### [Problem details]
Restate exactly the lines that run from the start of the records below to the line containing "Student sensitization by", counting both ends, and nothing else; pictures stay out.

### [Data to examine]

+++

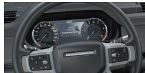
アナログダイヤル (セントラルTFTディスプレイ付)
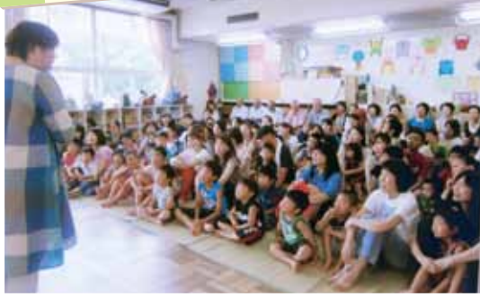
富益地区 家庭教育講座「ふれあいてたのしいな」
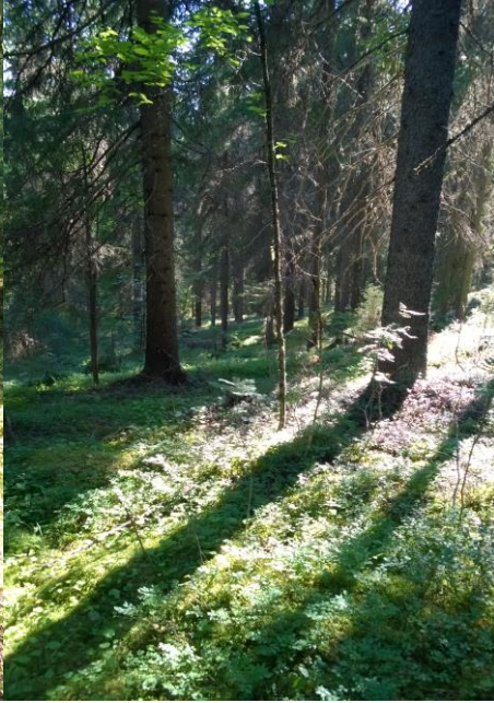
Kuva: Räpsy, jyrkkää rinnettä
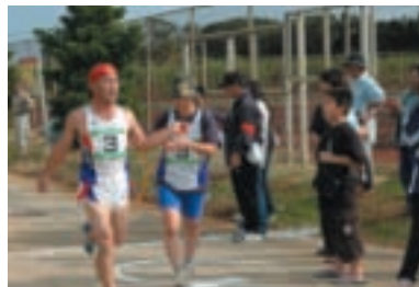
陸上競技大会・駅伝大会
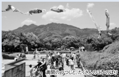
満開のつつじと、たくさんのこいのぼり

問合せ 公園花とみどり課内永源山公園つつじ祭り実行委員会事務局 ☎0834-22-8402
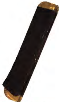
Banda de brawnie ref: 1288
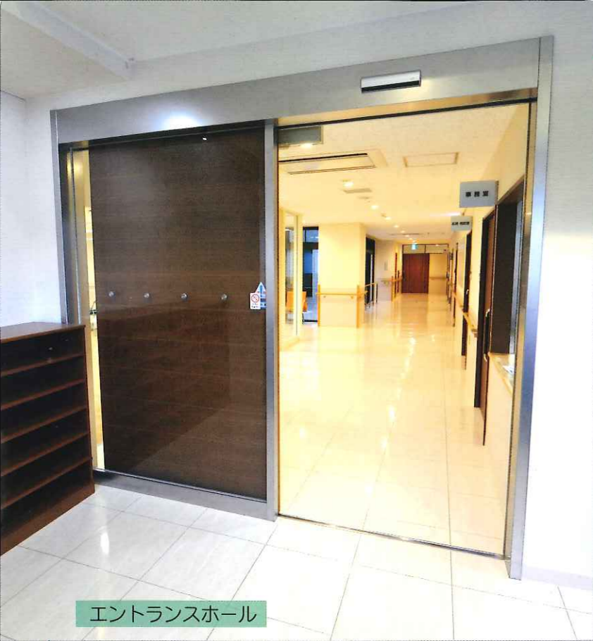
エントランスホール
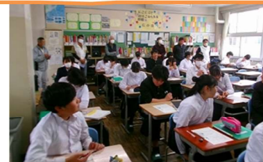
CS運営協議会による参観
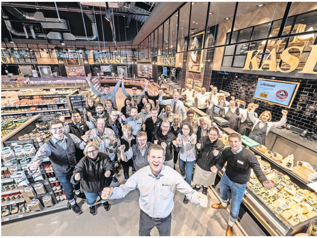
Ein Team der Möglichmacher: die Mitarbeiterinnen und Mitarbeiter des EDEKA Centers Cramer an der Walsroder Straße.

Im EDEKA Center Cramer in Langenhagen zeigte sich die Jury beeindruckt von dem modernen Neubau, der auf 2.800 Quadratmetern Verkaufsfläche dank hoher Decke und Fenstern an Front und Seiten ein angenehmes Ambiente schafft. Dazu tragen auch die großzügigen Gänge bei. Die Sortimentsbreite und -tiefe mit rund 45.000 Artikeln lassen kaum Wünsche offen. Regionale Produkte, wie Eier, Honig oder Spargel, sind ebenso fester Bestandteil des Angebotes wie Spezialitäten für Feinschmecker, wie Kaviar und Trüffel. An den Bedientheken ist Hausgemachtes
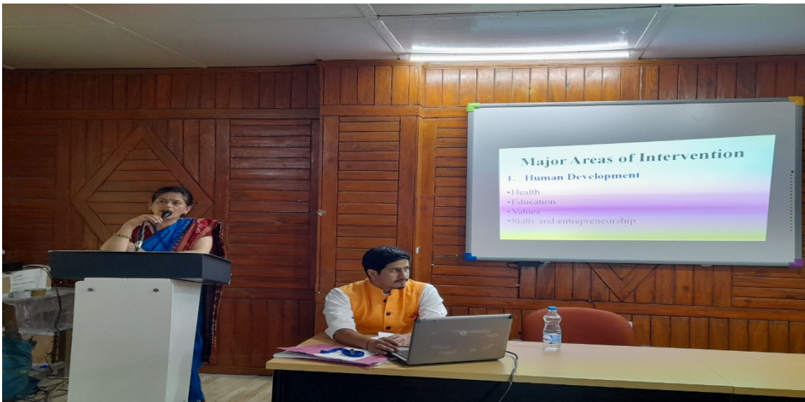
Student sensitization by UBA Team in student induction program DEEKSHARAMBH 2021
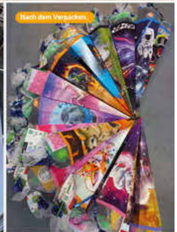
Nach dem Verpacken
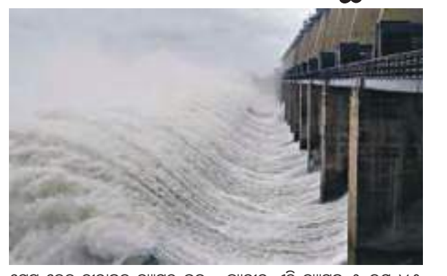
ଗେଟ ଦେଇ ହୀରାକୁଦ ତ୍ୟାମର ଜଳ ନିଷ୍କାସନ ହେବ । ସକାଳ ୬ଟା ସୁଦ୍ଧା ତ୍ୟାମର ଜଳସ୍ତର ୬୨୮.୭୧ ଫୁଟ ରହିଥିବାର ପୂର୍ତ୍ତନ ମିଳିଛି । ଏହା

ସମ୍ବଲପୁର, ୧୪।୯(ପି.ଏନ) : ବଙ୍ଗୋପସାଗରରେ ଲଘୁତାପ ସୃଷ୍ଟି ହୋଇଛି । ଏନେଇ ରାଜ୍ୟରେ ପ୍ରବଳରୂପେ ଅତି ପ୍ରବଳ ଜଗାତାର ଭାବେ ବର୍ଷା କାରି ରହିଛି । ହୀରାକୁଦର ଉପରମୁଣ୍ଡରେ ଲଘୁତାପ ଜନିତ ବର୍ଷା ହେବାରୁ ମୁଖ୍ୟମନ୍ତ୍ରୀ ଗତକାଳି ଅପରାହ୍ଣ ୪ଟା ବେଳେ ତ୍ୟାମର ଗେଟ ଖୋଲିବା ପାଇଁ ଆଦେଶ ଦେଇଥିଲେ । କିନ୍ତୁ ରାଜ୍ୟରେ ବର୍ଷା ଲାଗି ରହିଥିବାରୁ ଆଜି ପୁଣି ୮ଟି ଗେଟ ଖୋଲା ଯାଇଛି । ପୂର୍ତ୍ତନ ଅନୁସାରେ, ହୀରାକୁଦ ତ୍ୟାମର ଗତକାଳି ୨ଟି ଗେଟ ଖୋଲା ଯାଇଥିବା ବେଳେ ଆଜି ପୁଣି ୮ଟି ଗେଟ ଖୋଲା ଯାଇଛି । ବର୍ତ୍ତମାନ ମୋଟ ୧୦ଟି
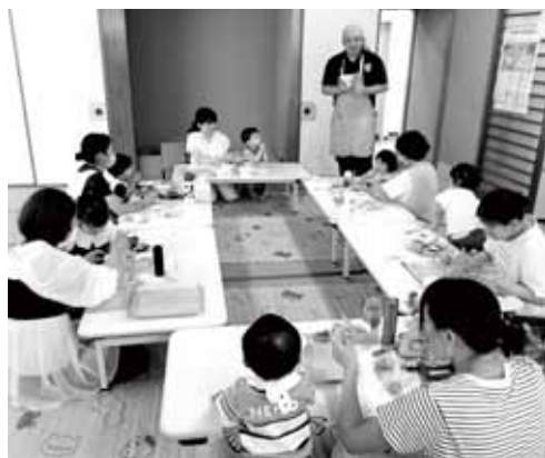
▲ 災害時非常食の試食

ほっとステップの畑で子どもたちと一緒に育て、収穫した野菜を使い、大根のガレット・オニオンスープ・ほうれん草のおやつ・おにぎり・カレー・災害時の非常食などの作り方を管理栄養士から教わり、利用者が作成にチャレンジしました。参加者は「こんな調理方法もあるんだ」と知らない調理方法に驚いたり、「普段、家ではあまり食べない」「野菜を食べるかな」と心配されていた保護者もいました。作っている所のいい匂いを嗅ぎながら「早く食べたい」と待ち遠しそうにしていた子どもたちのパクパクと夢中で食べる姿が印象的でした。
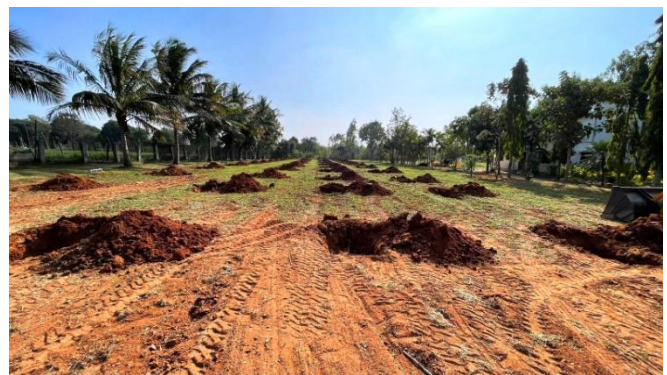
Vorbereitung und Anpflanzung neuer Mangobäume
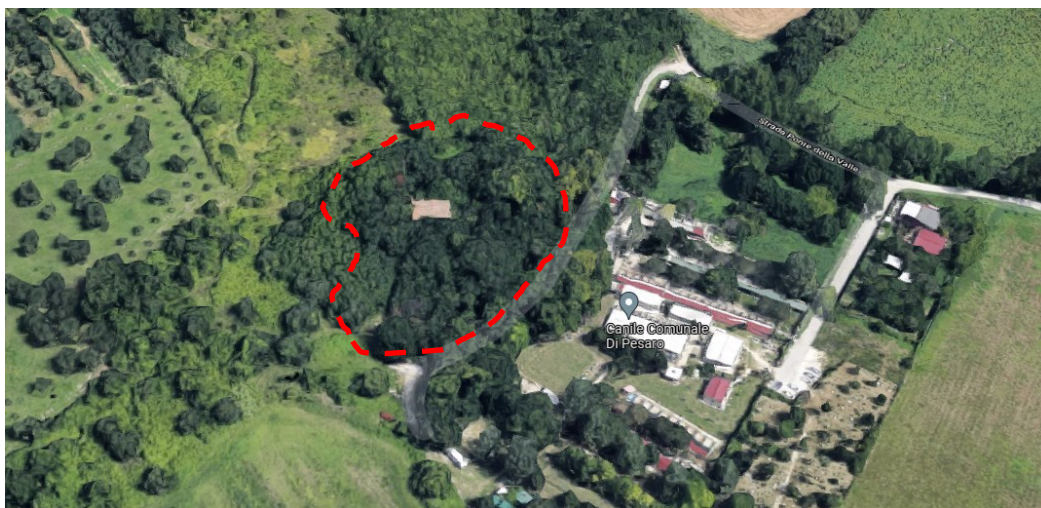
2.7 Terreno San Nicola, Pesaro (PU)
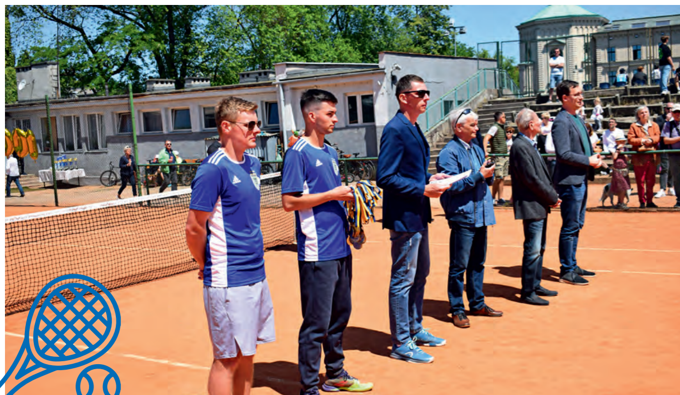
Turniej tenisowy „O Puchar Przewodniczącego Rady Dzielnicy I Stare Miasto” z okazji 100-lecia Klubu, czerwiec 2023 r.
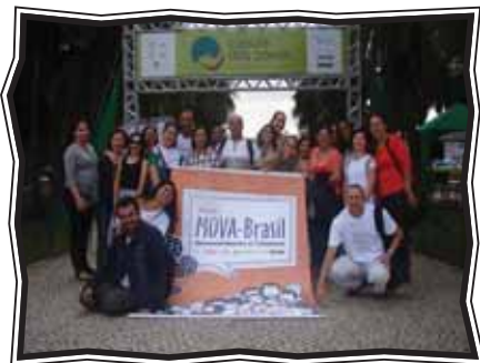
As equipes do Mova na Cúpula dos Povos

Durante dez dias, o Brasil foi palco de um momento de grande importância para todas as espécies de vida da Terra. Quase todos os países do mundo resolveram dar continuidade ao encontro iniciado em 1972, em Estocolmo (capital da Suécia) e depois em 1992, no Rio de Janeiro, com a ECO-92, para discutir os rumos do planeta. Trata-se da Rio+20, a Conferência das Nações Unidas sobre Desenvolvimento Sustentável.
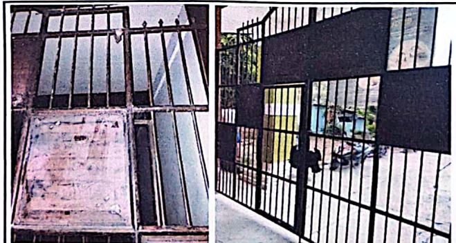
Foto 4: porton principal de la escuela en mal estado, rejas frágiles y chapa en mal estado.
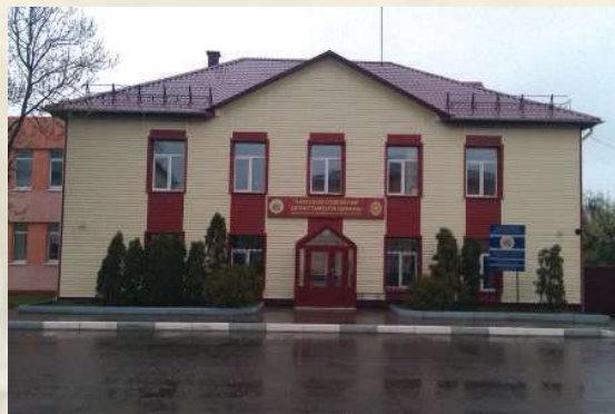
г. Чаусы, ул. Ленинская, 21
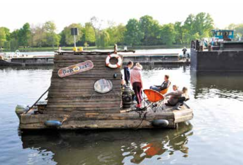
Foto: Auf zu neuen Ufern – alte Grenzen überwinden, eine Aktion von „Kinder brauchen Matsch“ aus der Auferstehungsgemeinde, an der Spree in Alt-Stralau.

ten wie den Kinderchören, gibt es in Boxhagen Stralau seit rund einem Jahr jeden Sonnabend die KubuKi-Ki (kunderbunte Kinderkirche), in St. Markus soll besonders rund um das Lazarus-Haus die gemeindliche Arbeit mit Kindern gefördert werden. So wurde hier ein Brotbackofen ge-

+++

### [Answer for the task]
アナログダイヤル (セントラルTFTディスプレイ付)
富益地区 家庭教育講座「ふれあいてたのしいな」
Kuva: Räpsy, jyrkkää rinnettä
陸上競技大会・駅伝大会
満開のつつじと、たくさんのこいのぼり

問合せ 公園花とみどり課内永源山公園つつじ祭り実行委員会事務局 ☎0834-22-8402
Banda de brawnie ref: 1288
エントランスホール
CS運営協議会による参観
Ein Team der Möglichmacher: die Mitarbeiterinnen und Mitarbeiter des EDEKA Centers Cramer an der Walsroder Straße.

Im EDEKA Center Cramer in Langenhagen zeigte sich die Jury beeindruckt von dem modernen Neubau, der auf 2.800 Quadratmetern Verkaufsfläche dank hoher Decke und Fenstern an Front und Seiten ein angenehmes Ambiente schafft. Dazu tragen auch die großzügigen Gänge bei. Die Sortimentsbreite und -tiefe mit rund 45.000 Artikeln lassen kaum Wünsche offen. Regionale Produkte, wie Eier, Honig oder Spargel, sind ebenso fester Bestandteil des Angebotes wie Spezialitäten für Feinschmecker, wie Kaviar und Trüffel. An den Bedientheken ist Hausgemachtes
Student sensitization by UBA Team in student induction program DEEKSHARAMBH 2021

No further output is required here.